Ziva shook her head. “He needs me. I can’t leave while he still does.”
Sloane nodded, but she couldn’t help but think that people didn’t just spontaneously stop needing their friends.
A loud, deep sound startled Sloane into a yelp. Dust shook loose from the walls and fell all around them like snowflakes. Sloane heard distant shouts and footsteps through the walls.
One of Ziva’s eyes rolled over to focus on Sloane. It was time.
They walked the path Sloane remembered, the one she had memorized as she followed Cyrielle to the Hall of Summons that first time, when she had shattered the skylight with her siphon and then collapsed. She led the way around pillars and beneath arches, through the grayish light of a coming storm.
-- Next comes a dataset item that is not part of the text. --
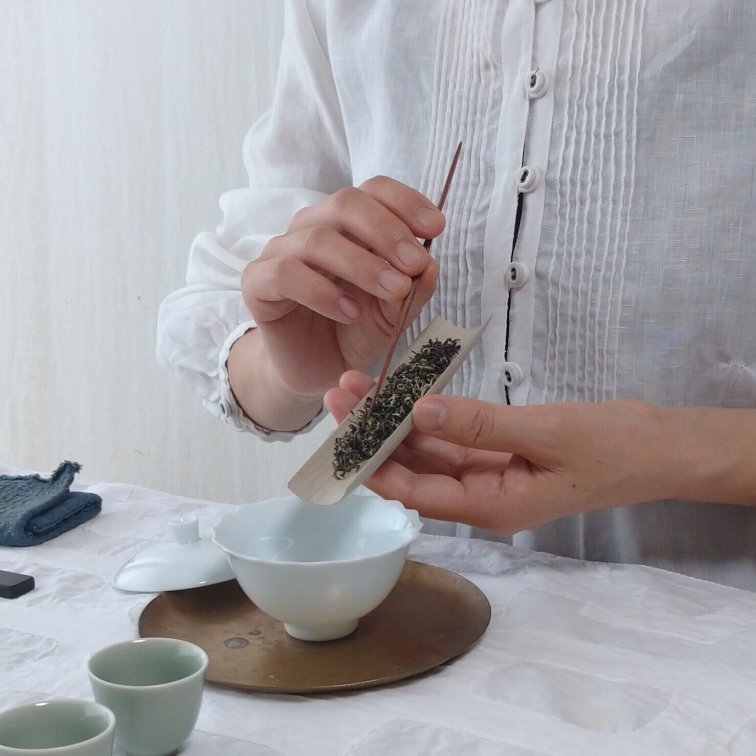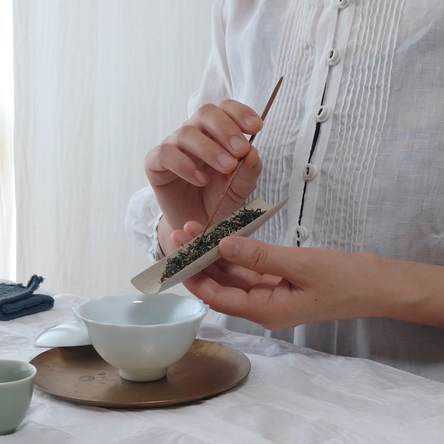 茶則があると、お茶を淹れる前に茶葉を入れておき、形や色を見たり、香りを嗅いだりして、茶葉をよく観察することができます。

And then they reached the heavy doors of the Hall of Summons with the gold plaque that named the room and the year it was constructed, 1985.
Standing beside the doors was a security guard. Ziva whistled sharply through the siphon and sent him into the wall; his head smacked into the stone and he crumpled. She bent over him, poked her fingers between his lips, and took the whistle off his tooth. “You get the siphon,” she said to Sloane.
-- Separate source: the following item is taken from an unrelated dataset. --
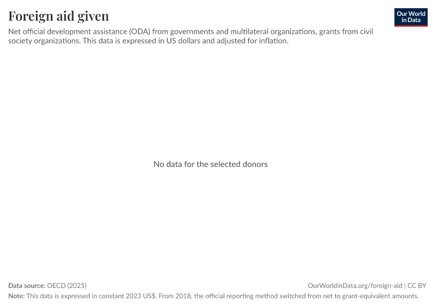 OECD (2025) – with major processing by Our World in Data. “Foreign aid given – Net disbursements” [dataset]. OECD, “OECD Official Development Assistance (ODA) - DAC1: Flows by provider (ODA+OOF+Private)”; OECD, “OECD Official Development Assistance (ODA) - DAC2A: Aid (ODA) disbursements to countries and regions” [original data]. Retrieved March 9, 2026 from https://who-regions.owid.pages.dev:8789/20260304-094028/grapher/foreign-aid-given-net.html (archived on March 4, 2026).
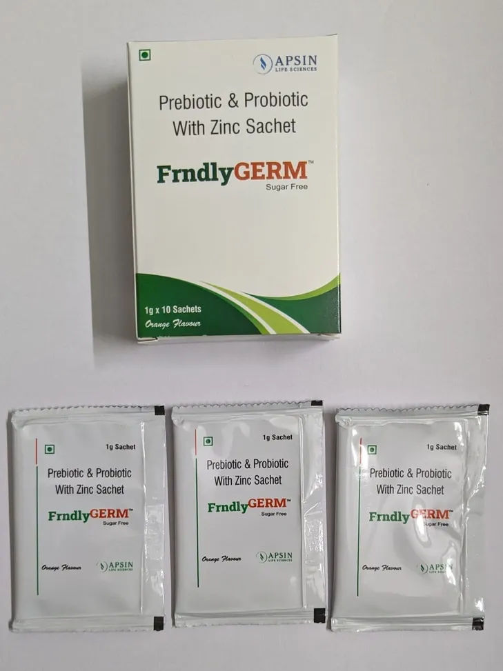 Frndlygerm is a pre- and probiotic sachet with multi-beneficial bacteria, prebiotic fructooligosaccharide, and zinc for gut health.

Sloane felt dazed. She crouched by the guard—who was alive but obviously stunned—and unclipped the siphon from his wrist, thankful the mechanism was simple. She slid it from his fingers and tossed it into the Hall of Summons, where Ziva waited. Sloane followed her in, and Ziva closed the door behind her.
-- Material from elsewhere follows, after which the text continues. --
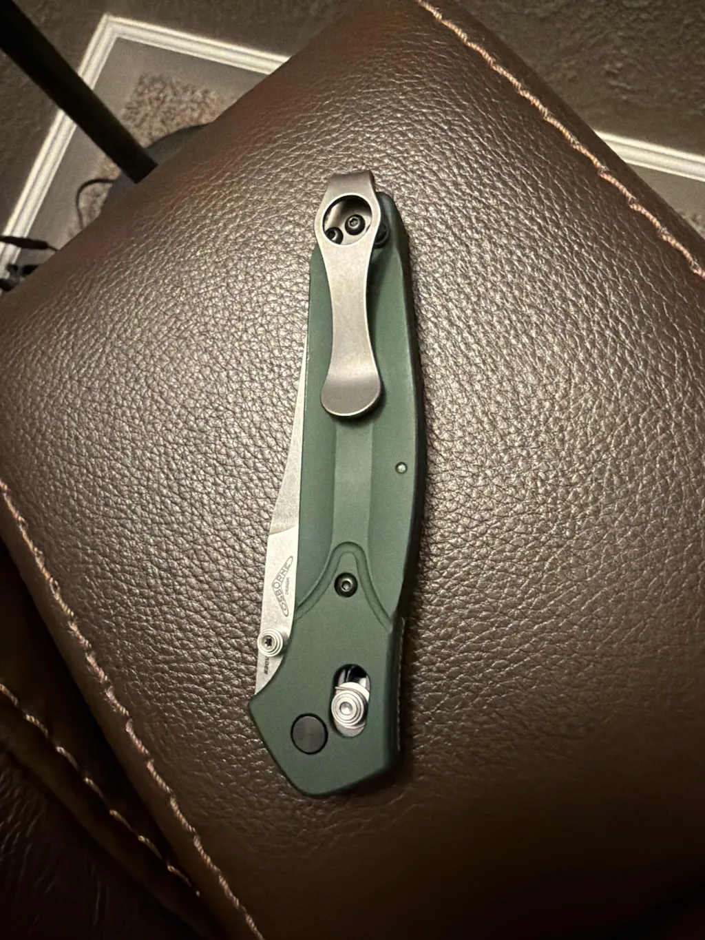 Custom hand made titanium deep carry pocket clip for Benchmade knives, it's made of 6al-4v titanium. The clip comes with 3 T6 Stainless Torx Screws (Knife is not included).
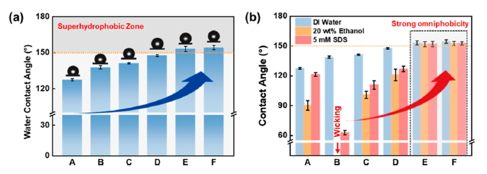 图4 (a)被测膜的wca(a: GVHP;B: PVDF膜;C: PVDF@25%SiO2;D: PVDF@50%SiO2;E:PVDF@100%SiO2;F:PVDF@150%SiO2)和(b)以20 wt %乙醇溶液和5 mM SDS溶液为介质液体的被测膜的CAs。

“I can set a temporary working to bar the doors,” Ziva said. “But it will deteriorate within minutes. If we need more than that, I’ll have to reset it, so don’t let me forget.”
Sloane nodded. She walked to the siphon in the floor, which was covered by a gold plate, six feet across. The tickle she had felt at the back of her neck below the Camel was now distinct pressure on both sides of her head, like someone was trying to crush her skull. There was no mistaking it anymore—the Needle was calling to her. The question was whether she wanted to answer.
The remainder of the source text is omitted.